The night’s entertainment was, as they say, high concept: on the eve of their 30th anniversary, Aussie new wave lifers The Church played 23 songs, one from each of their albums, in reverse chronological order, beginning with last year’s Untitled #23 and ending with 1980′s self-titled debut (in the U.S., it was eventually released as Of Skins and Heart).  At a certain point, singer/bassist Steve Kilbey seemed to almost snap: as he introduced a song, mentioning the title and the album that it came from, the applause he elicited gave him pause: “Well, I guess I don’t really need to play the song– we’ll just announce the song and you guys can clap and then I’ll announce the next one, and we’ll all get out of here a lot quicker!”
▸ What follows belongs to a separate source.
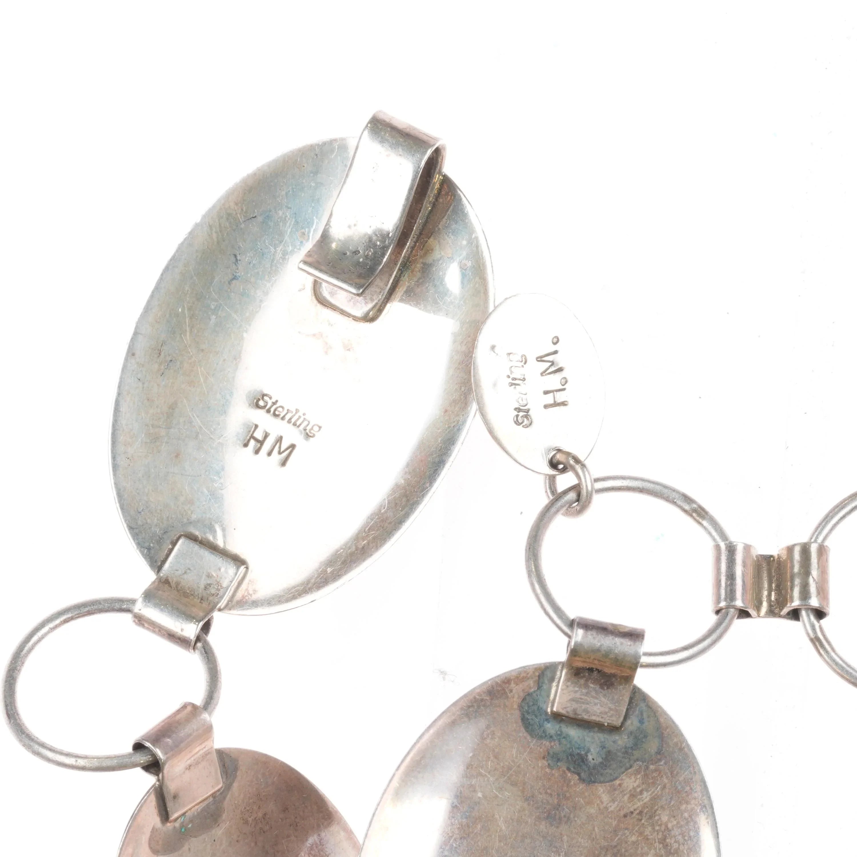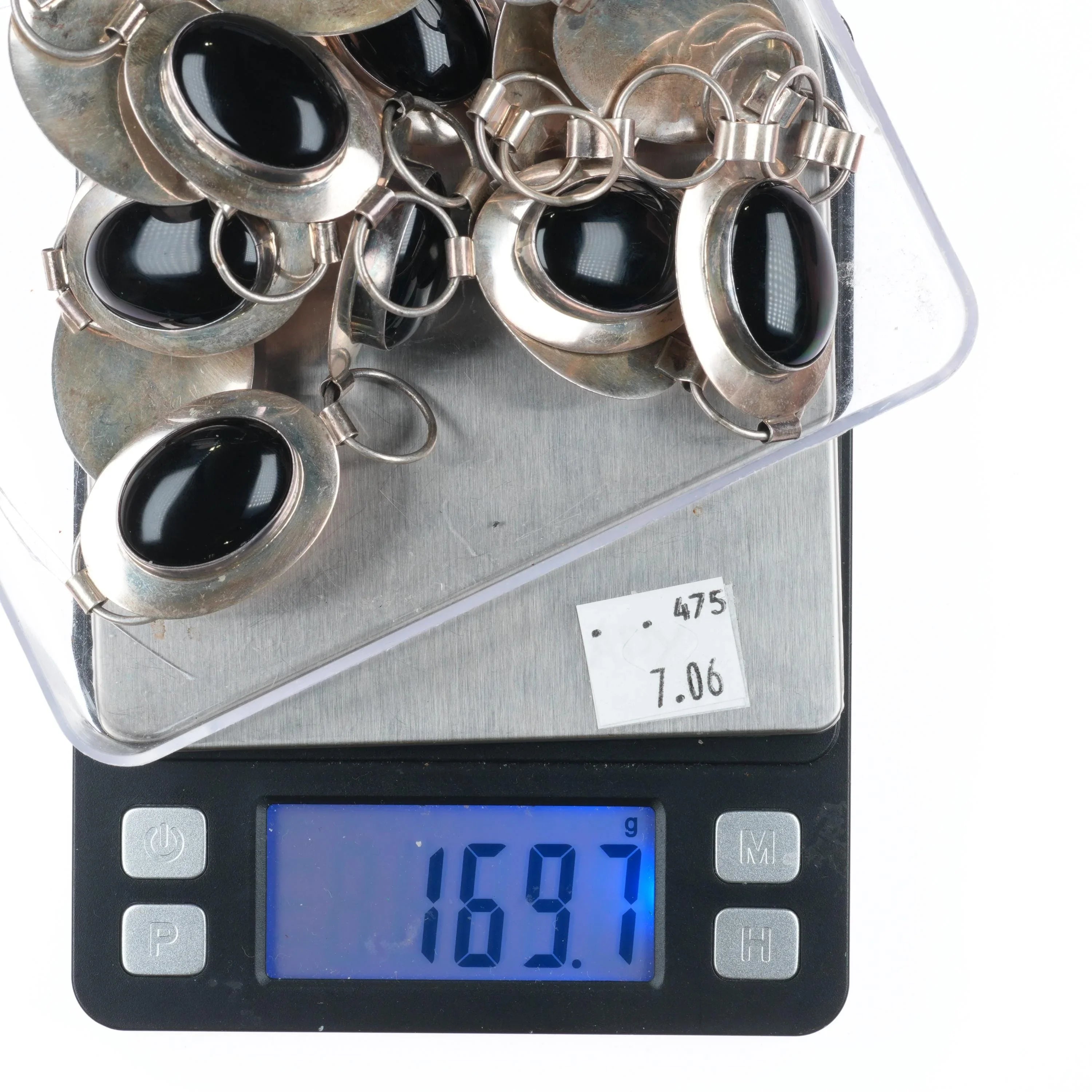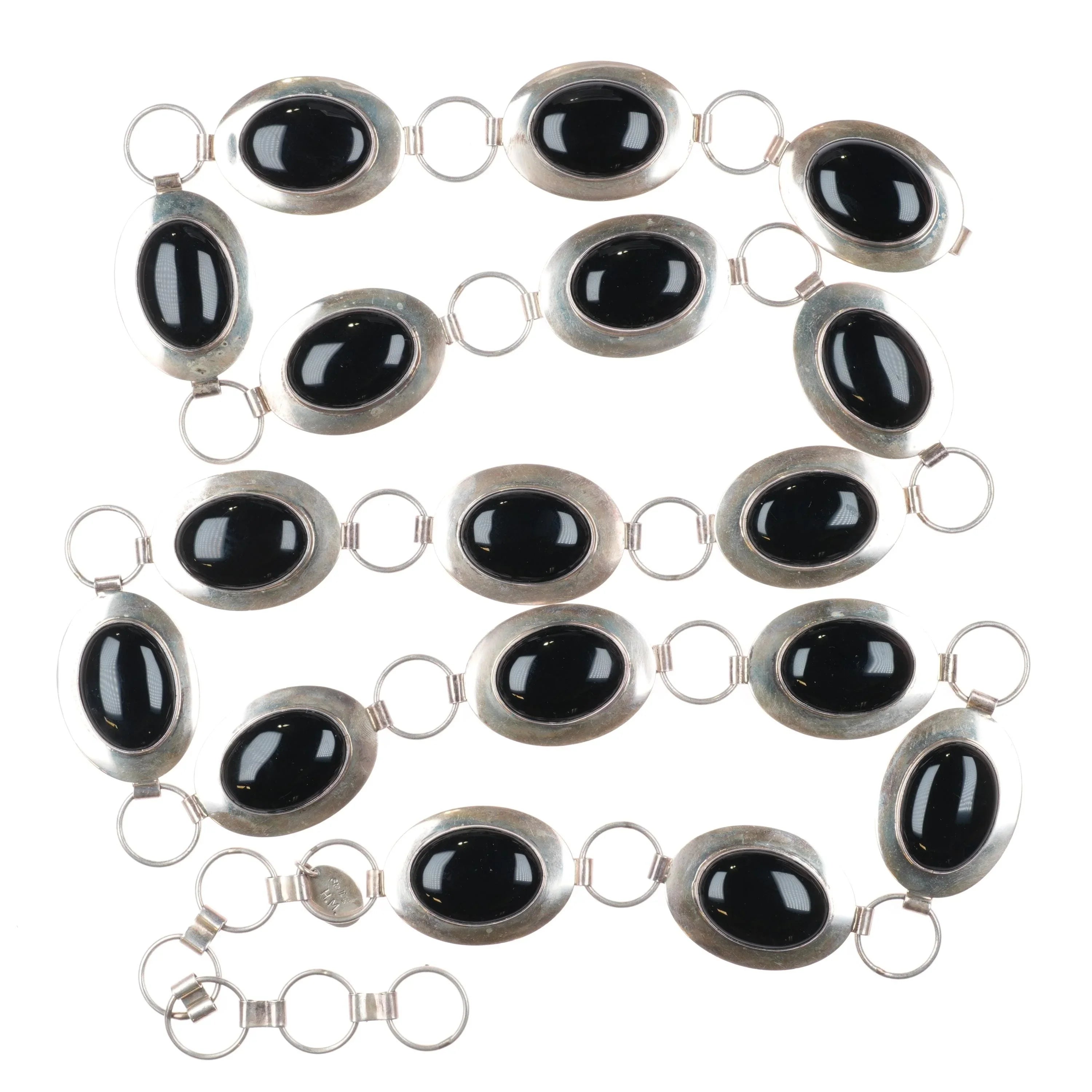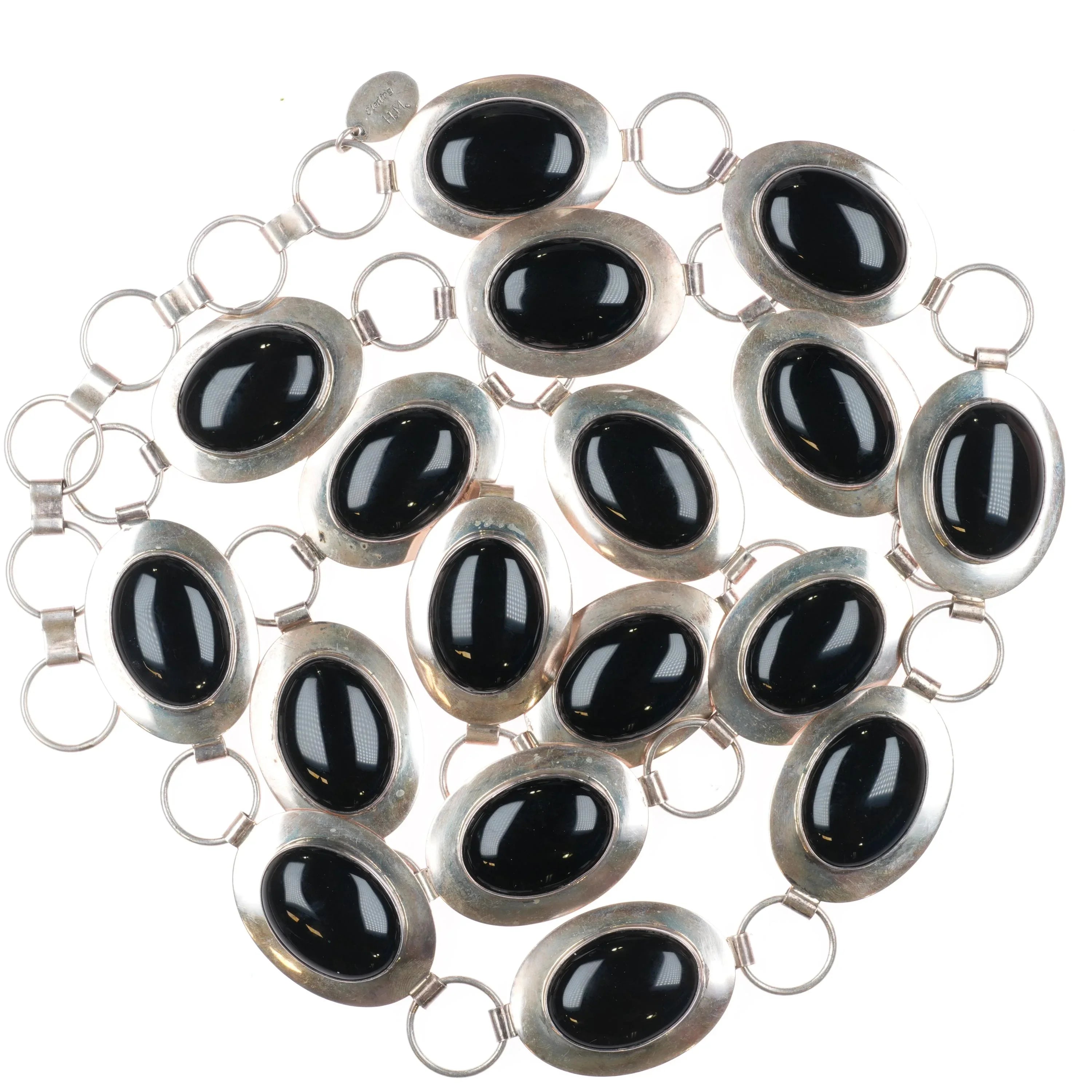 41" HM vintage Navajo sterling silver onxy link concho belt c1980's.

Thankfully for us, Kilbey didn’t follow through on his sarcastic threat, and we were treated down a winding and wobbly trek down the band’s storied history.  They cheated a little though, as early hits “Reptile” and the utterly gorgeous “The Unguarded Moment” were dispatched with early in the set (ostensibly because versions of those songs appeared on a pair of late 00′s acoustic albums)– but it really was astounding the way that the song selection displayed the band’s amazing diversity of material, from the avant-gard quivering of “Louisiana” (from 1999′s Hologram of Baal) to the soft crooning of a tune like “Appalatia” (from 2004′ Forget Yourself).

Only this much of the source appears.